頂點小說 > 篡魏 >第六十章 俠客行
    在從平涼府一路到長安的路上,顧懷曾經很認真的向柳清兩姐妹請教過這個時代的個人武力問題。

    最後得出結論:如果對手全是未曾鍛鍊過的普通人,十人敵是很輕鬆能達到的,二十人敵就翻了不止一倍難度,到了五十人敵便基本天下之大大可去得。

    畢竟雖然是面對普通人,但兔子急了也咬人,更何況是能制定戰術使用武器的人類呢?再高的武功也是會受傷會流血的。

    當時顧懷很不解,明明那一夜在樹林官道上柳清就曾一劍破開百人圍堵的場面,爲什麼能對敵五十人便是天下翹楚了?

    當時柳瑩翻了個大大的白眼:“公子想多了,那一夜姐姐身邊又沒有多少人,那些堵着我們的兵士又都是普通人。”
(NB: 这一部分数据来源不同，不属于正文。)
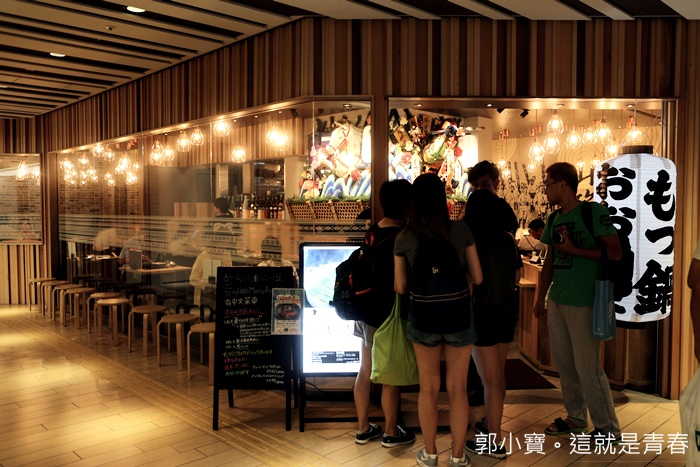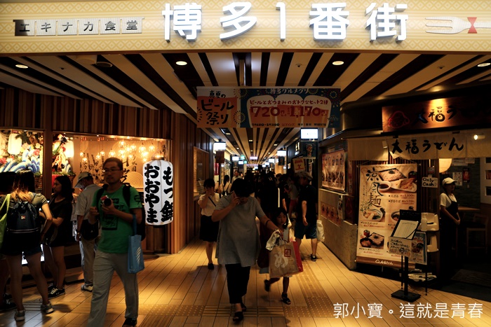 | 還沒進入店內就可以看到店內的人潮滿到了店外,幾乎是博多一番街裡面人潮最多的餐廳了,尤其經過門外的時候就可以聞到陣陣的香氣飄散出來。 |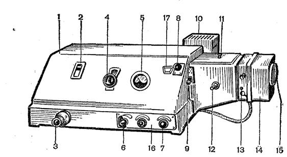 1 — корпус; 2 шкала; 3 — маховик; 4 — рукоятка; 5 индикаторный миллиамперметр; б переключатель; 7 — регулятор чувствительности; а — регулятор щели; 9 — блок сменных электрофильтров; 10 — осветитель; 11 — отделения для кювет; 12 рукоятка для смены кювет; 13 — переключатель фотоэлементов; 14 — камера для фотоэлементов; ‘5 — патрон; 16 — панель; 17 — шкала.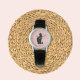 A cute watch with an original Mango Moon Studio graphic design. The watch face showcases a sleek black cat silhouette against a pale pink background, creating a delightful contrast that adds a touch of whimsy to your wrist.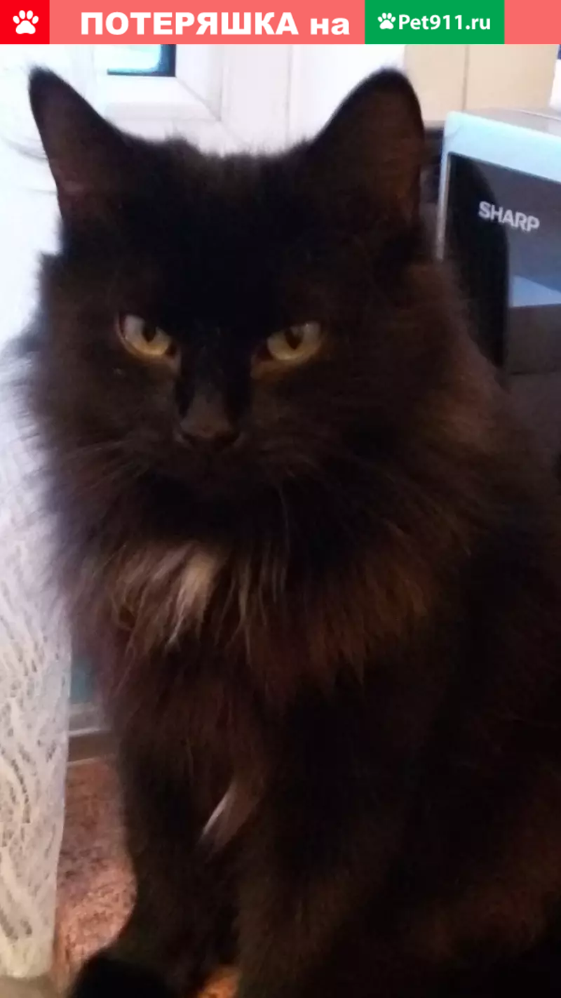 Потерялась кошка в районе дома №54 по улице Добровольцев Красносельского района г. СПб, кошка черного цвета в меру пушистая с очень пушистым хвостом, на грудке и пузике белое пятно, зовут кошку-Нюша. Возраст 4 года. Предположительно выпала с балкона второго этажа.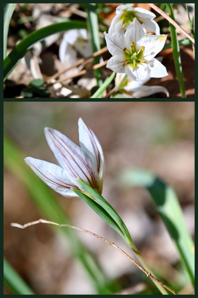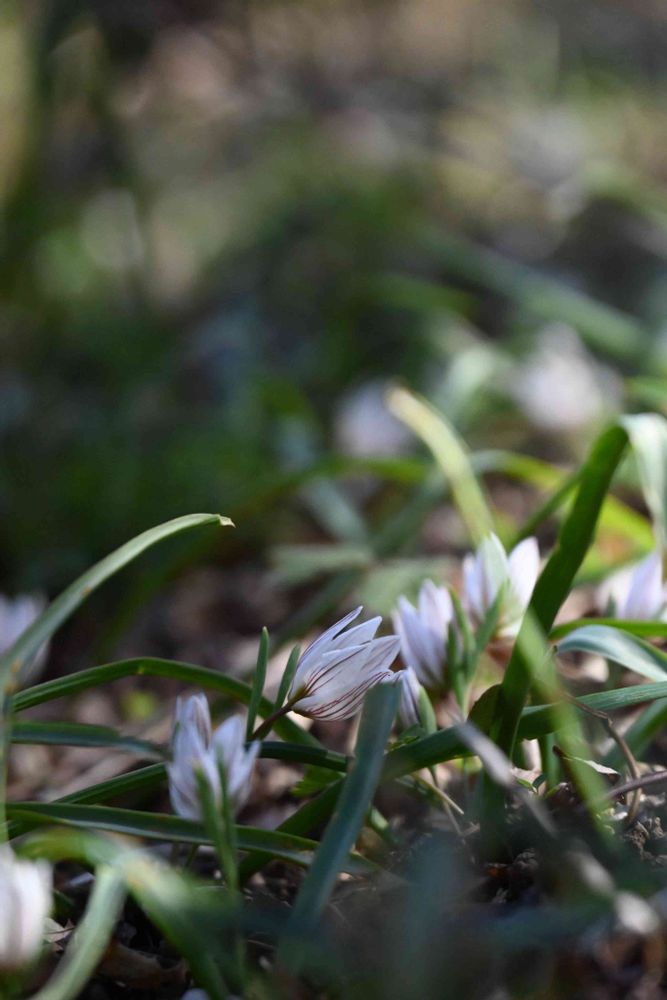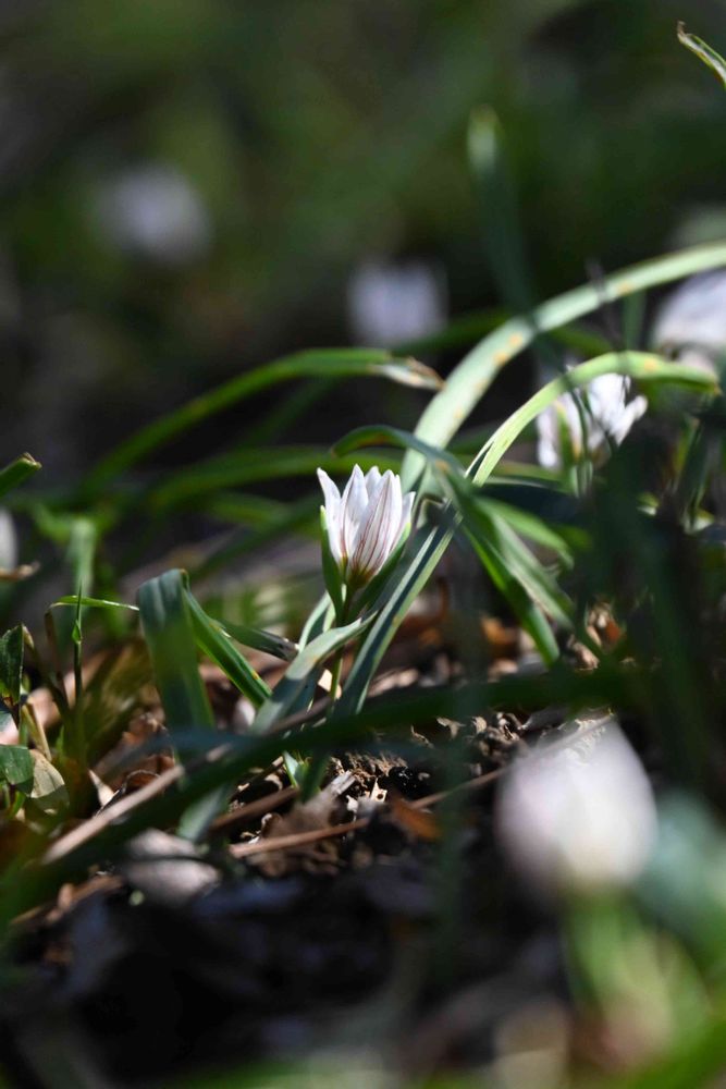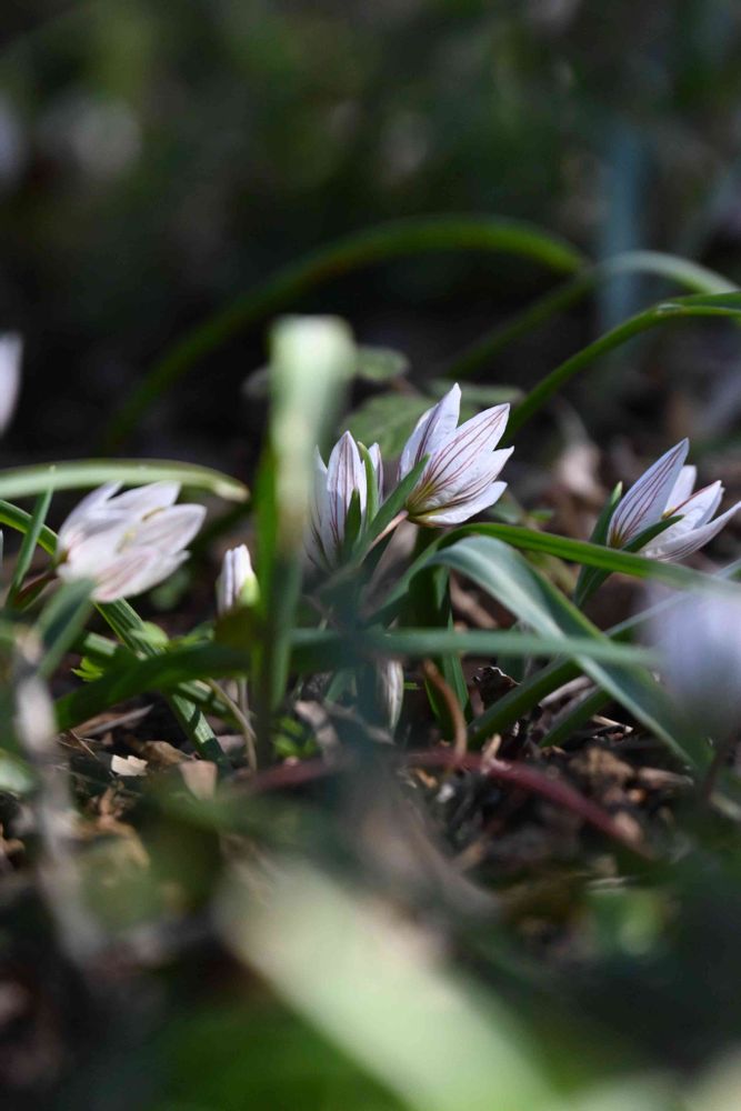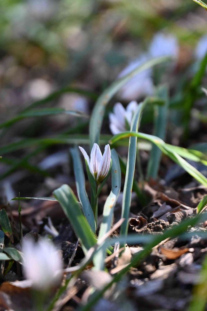この葉の間から早春に15cm程の花茎を立て、その先端に白い花を一つだけつける。花の少し下には一対の苞があり、小さな葉状で緑色をしている。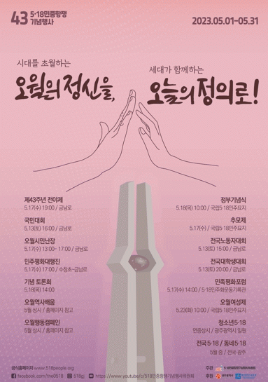 이어 18일 오전 10시에는 국립5·18민주묘지에서 ‘제43주년 5?18민주화운동 국가기념식’이 거행된다. 기념식은 5·18민주유공자와 유족, 각계 대표 등이 참석한 가운데 헌화·분향, 경과보고, 임을위한행진곡 제창 등 순서로 펼쳐진다.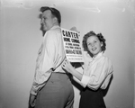 Eager for the Amon Carter Riverside High School homecoming to be the best ever, Exes President M. B. Easter has an announcement poster strung on his back by Mrs. Pat Thompson, activities chairman. A business meeting and pep rally will be held and a barbecue at the school after the North Side-Carter football game. Published in Fort Worth Star-Telegram evening edition, October 17, 1950. A man and a woman standing together smiling. A sign is behind them.
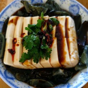 调好的汁淋在豆腐上,撒上香菜,辣酱油 。上桌吃饭了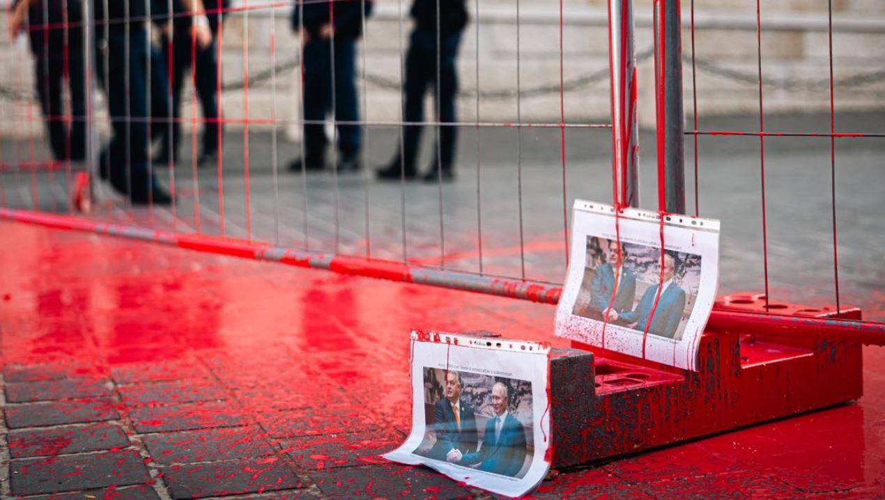 В понедельник четыре парламентария от оппозиционной фракции «Моментум» облили забор вокруг кабинета венгерского премьера Виктора Орбана краской цвета крови.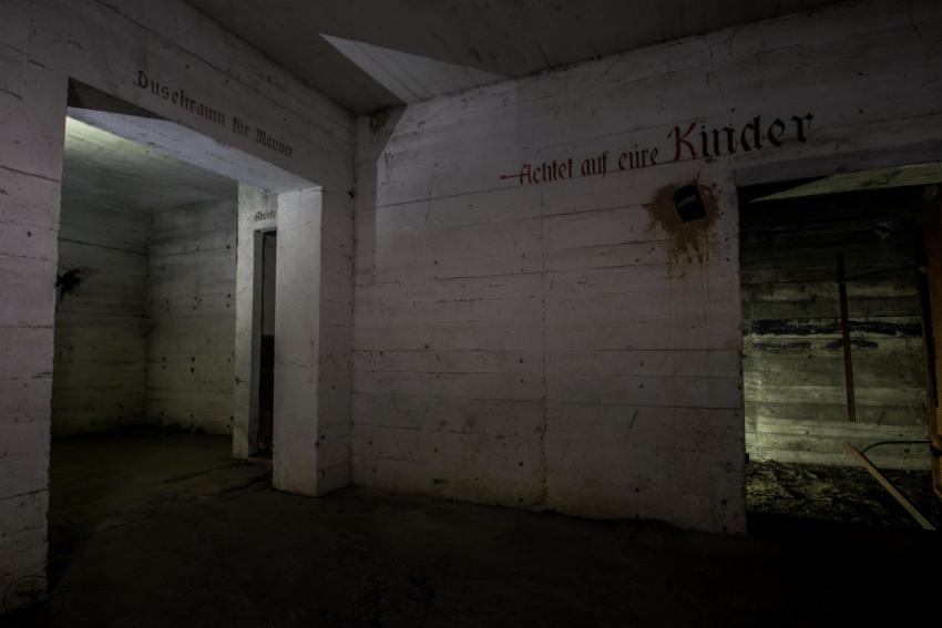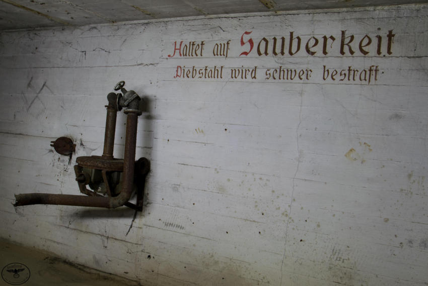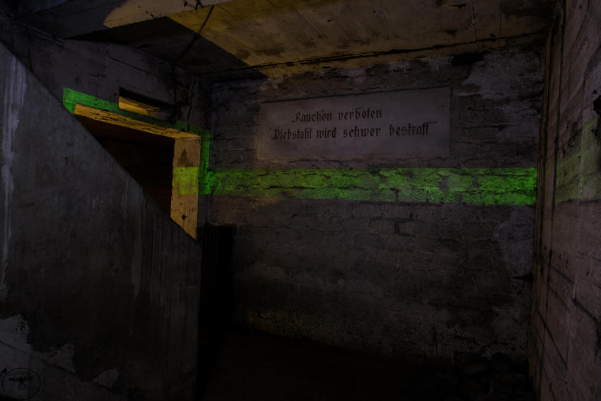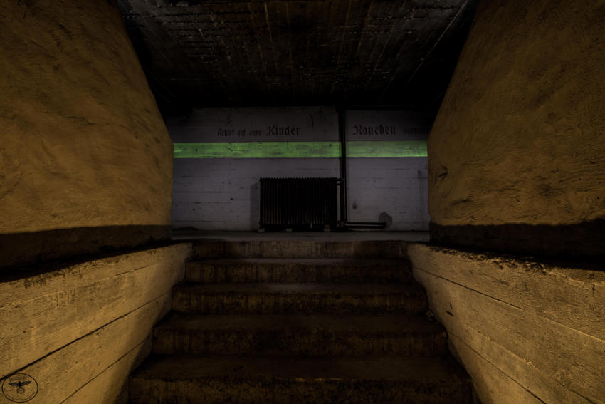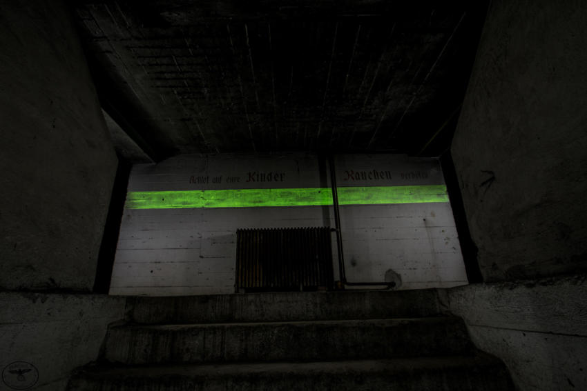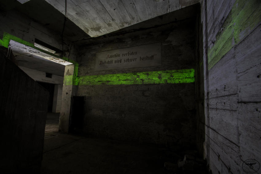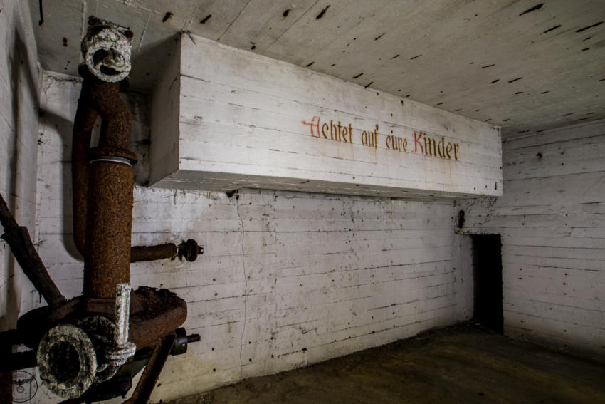 Eigentlich reizen mich Hochbunker nicht so sonderlich aber dieser hat es mir angetan. Die vielen gut erhaltenen Beschriftungen, die Leuchtfarbe und der gesamte Zustand haben was. Der Bunker verfügt über ein Kellergeschoss sowie Erdgeschoss, 1 & 2 Etage. Im Keller war die gesamte Versorgung untergebracht, Wasser & Stromverteilung, Heizanlage die mit Koks betrieben wurde usw. Im Erdgeschoss fanden wir Räume für die Ärztliche Versorgung bzw für die Hebamme, in diesem Raum war die gesamte Decke mit Nachleuchtender Farbe gestrichen so das auch bei einem Stromausfall die Patienten weiter versorgt werden konnten. Des weiteren befanden sich im Erdgeschoss getrennte Duschen und Aborte für Frauen und Männer, ein Raum für den Bunkerverwalter und ein Sanitätsraum. In der ersten und zweiten Etage befand sich dann der eigentliche Luftschutzbereich. In der zweiten Etage war zusätzlich noch die Luftschutzpolizei untergebracht. Auf jeder Etage gab es Handbetriebene Lüfter die auch noch heute vorhanden sind. Sprüche an den Wänden sollten für Ordnung sorgen, so stand dort z.B.: “Achtet auf eure Kinder” “Rauchen Verboten” “Diebstahl wird schwer bestraft” & “Achtet auf Sauberkeit” Ein wirklich schöner und gut erhaltener Hochbunker, ich hoffe das er so erhalten bleibt und geschützt wird!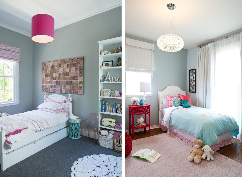 במבט ראשון נראה כי אפור אינו מתאים לעיצוב חדרה של ילדה, אולם ניתן לשלב גוון ניטרלי זה באופן מושלם עם כל האחרים. בשילוב עם לבן, הוא מסוגל להרחיב חזותית את החלל, עם בז 'או שמנת - ליצור אווירה רגועה ומרגיעה. צבע אפור נבחר לעתים קרובות לעיצוב חדר הילדים על ידי נערות מתבגרות.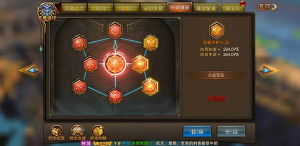 符文系统也是游戏的特色,符文获取方式:挑战符文塔、符文兑换、符文抽奖来。可以为角色增加各种属性加成,初始默认有一个镶嵌槽解锁,通关一定的塔数可以解锁镶嵌槽哦。塔数越高要求的战力越高,所以要求的技术也高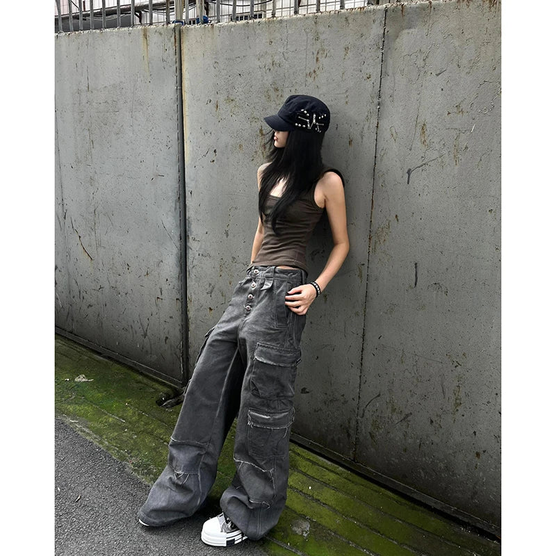 Lunivop Cargo Pants Women Jeans Vintage Street Distressed Wash Baggy Jeans Women Clothing Casual Wide Leg High Waisted Jeans Woman Pants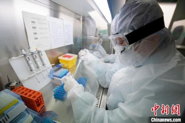 医疗人员将收集来的咽拭子采样标本消毒存放。 韦亮 摄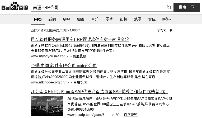 图4-16 在百度搜索“南通ERP公司”的结果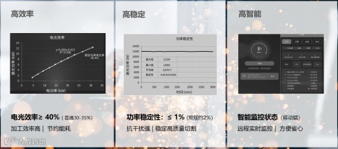 值得一提的是,高性能激光发生器具有高效率、高稳定以及高智能等显著优势。其中,高效率特性体现在电光效率高达40%以上,显著提升加工效率,有效节约能耗;高稳定性则表现在功率波动极小,抗干扰能力强,确保持续稳定的切割作业;高智能特点在于智能监控运行状态,实时可控,为用户提供便捷省心的使用体验。
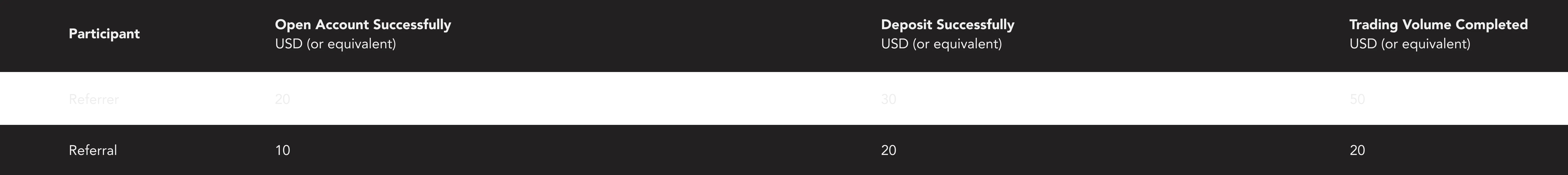 • b.The referred client’s initial deposit is equal to or more than 500 USD (or equivalent) into his/her trading account within 1 month after his/her live trading account opened.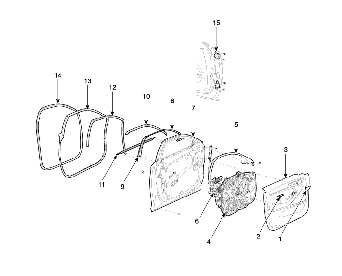 | 1. Front door inside handle cap 2. Front door pull cap 3. Front door trim 4. Front door module 5. Front door frame inner cover 6. Front door latch assembly 7. Front door panel 8. Front door frame molding | 9. Front door frame garnish 10. Front door upper open weatherstrip 11. Front door belt outside weatherstrip 12. Front door windshield glass run assembly 13. Front door side weatherstrip 14. Front door body side weatherstrip 15. Front door hinge |
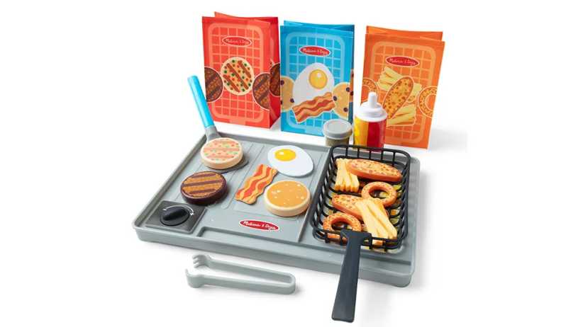 10. Flip & Fry Grill Play Set Kids can “cook” safely with this fun playset, which includes a grill, a griddle, and a fryer with water-based, color-changing food. Of course, there is a spatula, a fryer basket, and condiments, all for serving up some sumptuous play meals. Age: 3+, $27.99, walmart.com.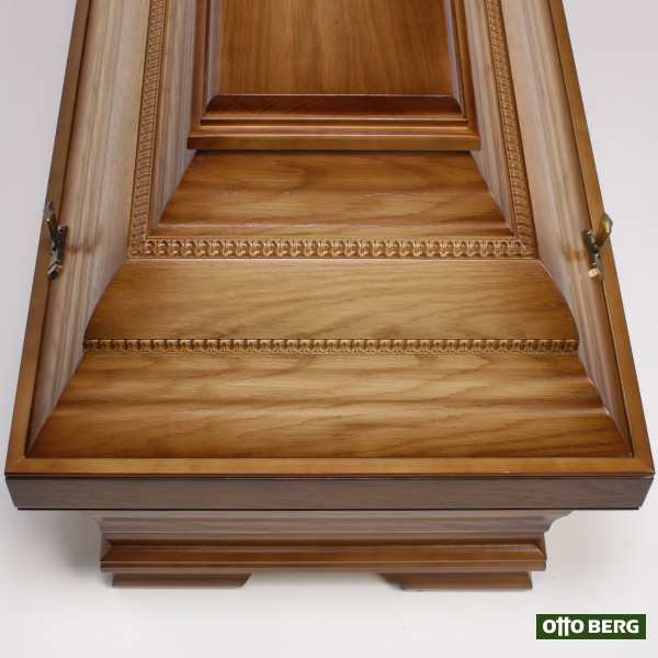 Hochwertiger Sarg aus Kiefernholz, gekehlter Obersarg mit breiter Leiste und eingelegten Zierleisten und 6 Sarggriffen.

    明白過來那個計量數字是指擺開陣勢對敵後,顧懷就失去了籠絡一大幫武林高手在身邊的興趣。

    連柳清這種天賦異稟的高手,都才能打五十個,弄些高手呆在身邊幹嘛?還不如整隻藩王衛隊。

    不過當問起柳瑩的武功時,柳瑩卻支支吾吾半天沒開口。

    顧懷自己就是個普通人,眼下自然攔不住突然出手的柳瑩,而那個高大男子也不是什麼簡單貨色,兩人便在湖畔激烈的交起手來。

    能看出男子走的是剛猛的路數,一雙腳穩紮大地,將鐵掌拍得滴水不漏,而速度比較快的柳瑩只能圍着男子不斷的尋找機會。

    這場景和顧懷想象中兩人高來高去真氣激盪的場面差得太多了,雖然柳瑩的身形是有些快的看不清,但男子那烏龜打法他還是能看出來的。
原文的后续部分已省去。